Вера не завита, но возле ушей волосы спряглись на дугу и пречерные, плотные. Она в платье такого же покроя, как у матери, только в белом и облегающем. Грудь — в мать, начало ее в вырезе платья — обилие белой упругости, очерненной загаром. После еды у нее припухли губы. Моя мама в гостях у рабфаковской подруги и поручила Вере следить, чтобы я не перепил. Первый муж мамы — она сразу его бросила — очень пил. И мама боится, когда пьют. Всю жизнь у нее отвращение и страх к алкоголю.
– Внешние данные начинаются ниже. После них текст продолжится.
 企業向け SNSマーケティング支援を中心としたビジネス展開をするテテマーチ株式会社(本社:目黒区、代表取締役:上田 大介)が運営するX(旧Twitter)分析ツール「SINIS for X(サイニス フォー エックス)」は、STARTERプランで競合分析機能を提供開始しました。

— «Черный ворон, что ты вьешься над моею головой?..»
У деда Ивана широкий баритон в песне, близкий к басу. Он откидывается к спинке стула. Опускает веки. Сидит зачарованно, не шевелясь, забрав ноги под стул.
— «Ты добычи не добьешься, черный ворон, я не твой…»
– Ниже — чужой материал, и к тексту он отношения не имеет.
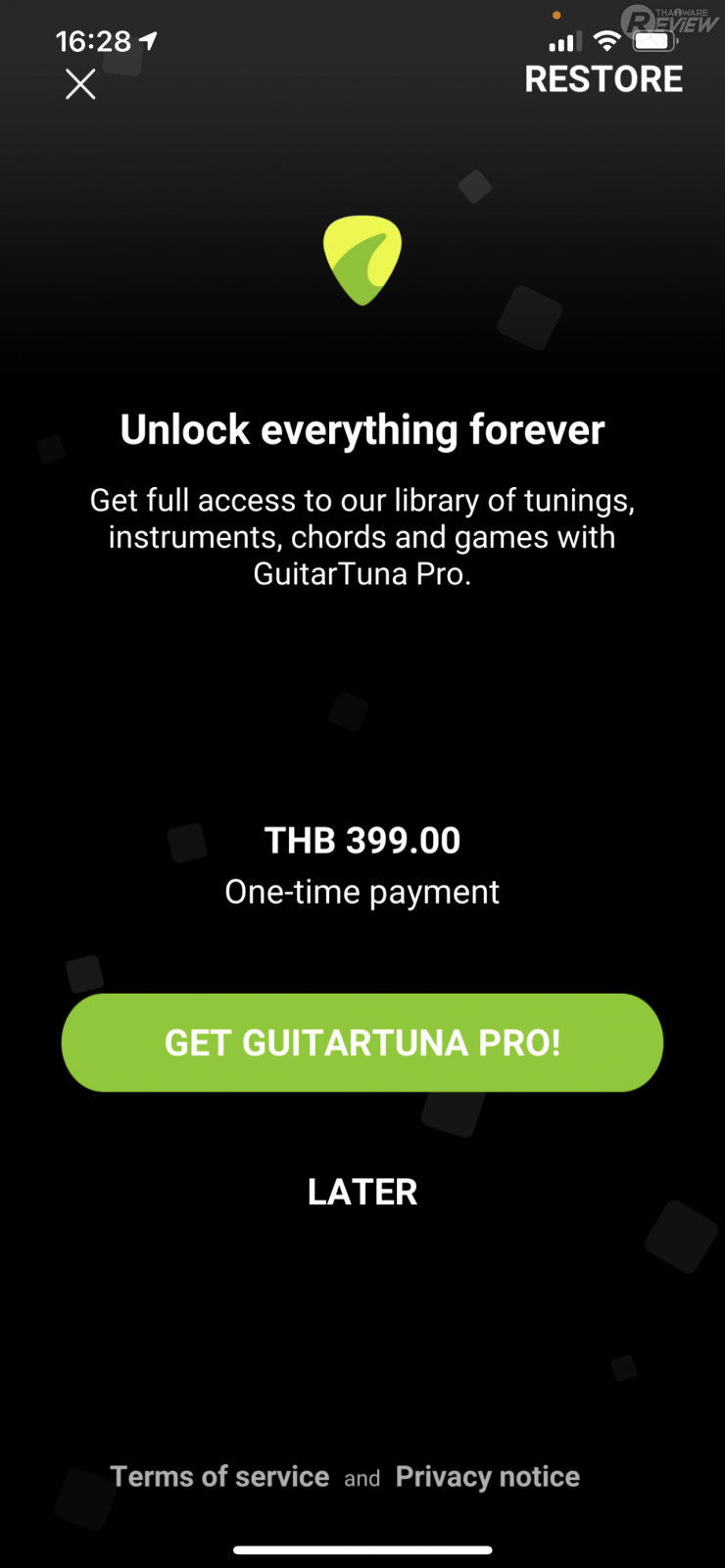 - สามารถใช้งานได้ฟรีไม่มีค่าใช้จ่าย แต่ถ้าหากต้องการปลดล็อกตัวจูนเนอร์ของทุกเครื่องเสียงที่มีให้ และปลดล็อกทุกแบบเรียนภายในแอป จะมีค่าใช้จ่ายอยู่ที่ 399 บาท (จ่ายครั้งเดียวจบ)

Дарья Семеновна ведет всех, слух у нее верный. И на сильный голос его переводит. И в этом голосе какая-то уютная округлость.
«Для чего-то сужены мне воля, жажда жизни?»— думаю я и по этому догадываюсь, что хмелею. Я смотрю на дом — ставни его затворены на жару, как водится здесь. Над крышей корявые верхушки яблонь и груш, под какой-то серой, почти черной корой, источенной разрывами.
От «синего глаза» все наиболее характерное в людях становится подчеркнуто заметнее, а сумерки, пока еще очень светлые, необыкновенно милыми. Такая острота находов чувств и образов бывала лишь в детстве.
Я размышляю о причудах ночи. Что же все-таки? Отчего этот бред? И бред ли? Ведь медальончик!..
Песня осекается внезапно. Дед Иван наливает мне и себе пиво.
— Оброс годами, — ворчит дед Иван, — а желания молоды. Но главное — жить тесно. — Он какое-то время молчит, потом распрямляется и в речетатив выговаривает: — «Что ж ты когти распускаешь над моею головой, иль добычу себе чаешь?.. Черный ворон, я не твой!»
И, распахнув голоса, песню берут мужчины. Чувствуется, каждая спета помногу и как выгоднее вести уже найдено, запето.
Я вспоминаю Худого: каков?! А с виду… замухрышка, недоделок. Общение с таким — потеря достоинства. Таких можно жалеть…
А он вон каков…
И я выплескиваю воспоминания о Худом из себя. Я уже почти забываю о нем. Для меня существуют лишь сильные и пути сильных…
— «Отнеси платок кровавый к милой любушке моей…»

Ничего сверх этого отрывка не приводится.